Soria menghela nafas. Ia terlalu
gengsi menerima tawaran Rio. Tidak. Ia hanya takut untuk menyadari bahwa ia
masih mencintai Rio. Rio menepuk-bepuk jok motornya sambil tersenyum senang.
Dengan terpaksa Soria harus mau di bonceng oleh Rio. Hanya butuh waktu tempuh
30 menit untuk sampai di kediaman Soria.
Soria:
“Arigatoo.”
Rio: “Iie..
seharusnya aku yang bilang begitu. Terima kasih sudah mau pulang bersamaku hari
ini.”
Soria:
“U-Um..”
Rio: “Ah,
bagaimana kalau besok kita jalan-jalan? Aku akan mentraktirmu.”
Soria:
“Meskipun besok hari libur nasional aku tak berminat untuk bersantai di luar
rumah.
Rio tiba-tiba saja menautkan jari
kelingking kirinya dengan jari kelingking Soria dengan paksa sambil tersenyum
manis.
Rio:
“Janji, besok kita jalan bersama. Aku akan menjemputmu jam sepuluh.”

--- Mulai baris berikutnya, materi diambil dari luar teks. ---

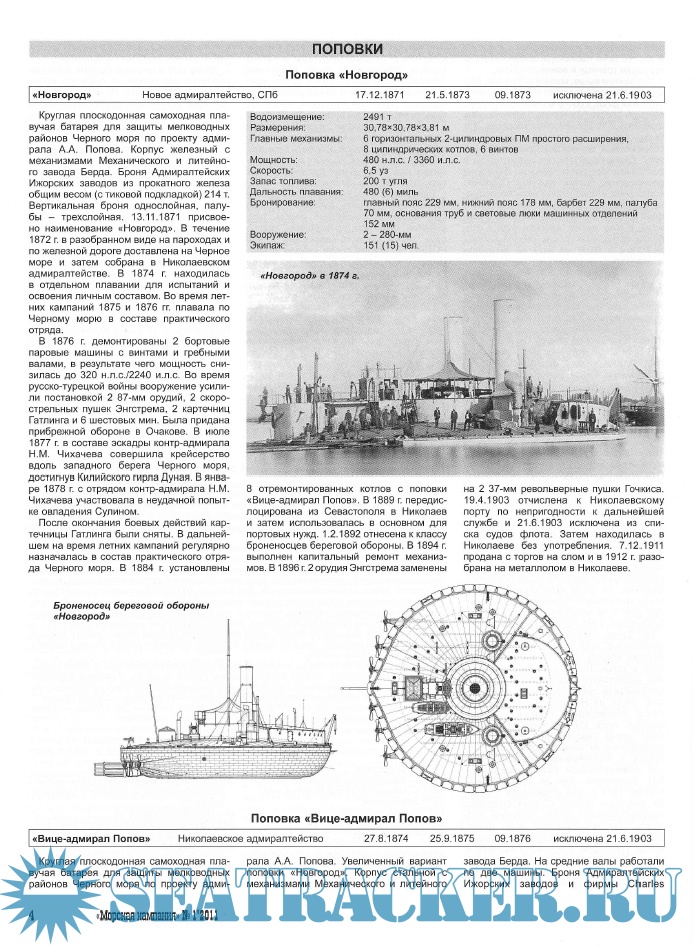 Год выпуска: 2011 Язык: Русский Автор: группа авторов Жанр: Периодическое издание (журнал) Издание: 2011-01 Формат: PDF Качество: Изначально компьютерное (eBook) Количество страниц: 68 Описание: Основным материалом данного сборника является справочник по корабельному составу российского Черноморского флота в период русско-турецкой войны 1877-1878 гг. Его автор - Виктор Вениаминович Яровой (г. Новокузнецк). Оригинальные схемы для справочника подготовил И.И. Николаевский. Обращаем ваше внимание, что в следующем номере нашего журнала будет опубликовано продолжение, посвященное кораблям турецкого флота. Статья шведского историка Курта Боренстама (Curt Borgenstam) рассказывает о самой многочисленной серии броненосцев береговой обороны этой Скандинавской страны. Перевод с английского выполнил М.Б. Князев, графику - Е. Левандовский (Jerzy Lewandowski, Польша). Материалы Романа Витальевича Лапшина (г. Запорожье, Украина), Сергея Владимировича Патянина (г. Саров Нижегородской обл.) и Виталия Ивановича Григорьева (Нижний Новгород) посвящены малоизвестным кораблям отечественного и зарубежного флотов.

Soria menyentakkan tangannya dengan
kasar. Ia tak menolak, tidak juga mengatakan ya. Ekspresinya terlihat kesal dan
ia langsung berjalan masuk ke dalam rumah tanpa menunggu Rio pergi. Ia tahu ini
tindakan yang tidak sopan, tapi egonya benar-benar tinggi seperti bocah. Rio
sendiri hanya bisa duduk terdiam di atas motornya. Hal paling menakutkan dalam
hubungannya dan Soria adalah, Soria yang selalu memilih diam dan mengambil
keputusan sendiri. Keesokan harinya Soria menyadari seseuatu setelah berpakaian
super rapi bahkan mengenakan makeup tipis.
Soria: “Eh?
Bukannya.. Rio belum tentu akan datang ya?”

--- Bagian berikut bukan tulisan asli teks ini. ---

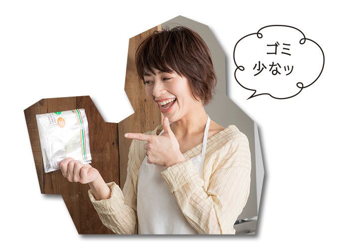 トレーや箱が使われていないので、ゴミが超コンパクト。調理に使う道具も最小限なので、洗い物が少なく、後片づけも圧倒的に時短に。買い物、調理、片づけまでママの負担が軽減!

TING TONG. Bel rumah Soria
dibunyikan oleh seseorang yang tidak lain dan tidak bukan setelah Soria cek
adalah Rio. Pria ini benar-benar gigih dalam setiap usahanya.
Rio: “Kau
sudah siap? Ayo berangkat sekarang!”
Seperti di hipnotis, Soria tak mengeluarkan
sepatah kata pun setelah menutup pintu rumah dan pergi bersama Rio. Ia
membiarkan Rio mengajaknya ke game center.
Rio: “Nah..
aku akan mentraktirmu.”
Soria:
“Tunggu, kenapa kau menjemputku? Bukankah kemarin aku tak berkata aku setuju?”
Rio: “Bukankah
kita sudah membuat janji? Janji sudah seharusnya ditepati. Ayo bermain
sepuasnya.”
Rio bermain game terlebih dahulu
meninggalkan Soria yang masih mematung di tengah-tengah game center. Ia ingat
dengan janjinya pada Rio 5 tahun yang lalu, bahwa ia akan berada di apartemen
saat Rio kembali dari Hawaii. Tapi ia tak menepati janji itu. Rasa cemburu
terlalu membakar pikiran dan hatinya. Hingga ia lupa dengan segala yang ia
cintai. Tanpa sadar air mata mulai mengalir membasahi pipinya. Membuat
orang-orang yang ada di game center karena ia mulai terisak-isak. Rio yang
melihat kerumunan segera menghampiri.
Rio: “Em..
maaf.. kalian bisa menjauh, ini pacarku. Kenapa? Kau tak suka kesini? Kau
sakit?”
Soria hanya menangis tanpa menjawab
satupun pertanyaan Rio. Karena merasa tak enak dengan pengunjung lainnya Rio
membawa Soria ke taman terdekat dan emngajaknya untuk bicara.
Rio:
“Kenapa kau menangis?”
Soria:
“Maaf..”
Rio: “Maaf
kenapa?”
Soria:
“Untuk semua yang kusebabkan dan janji yang tak ku tepati.”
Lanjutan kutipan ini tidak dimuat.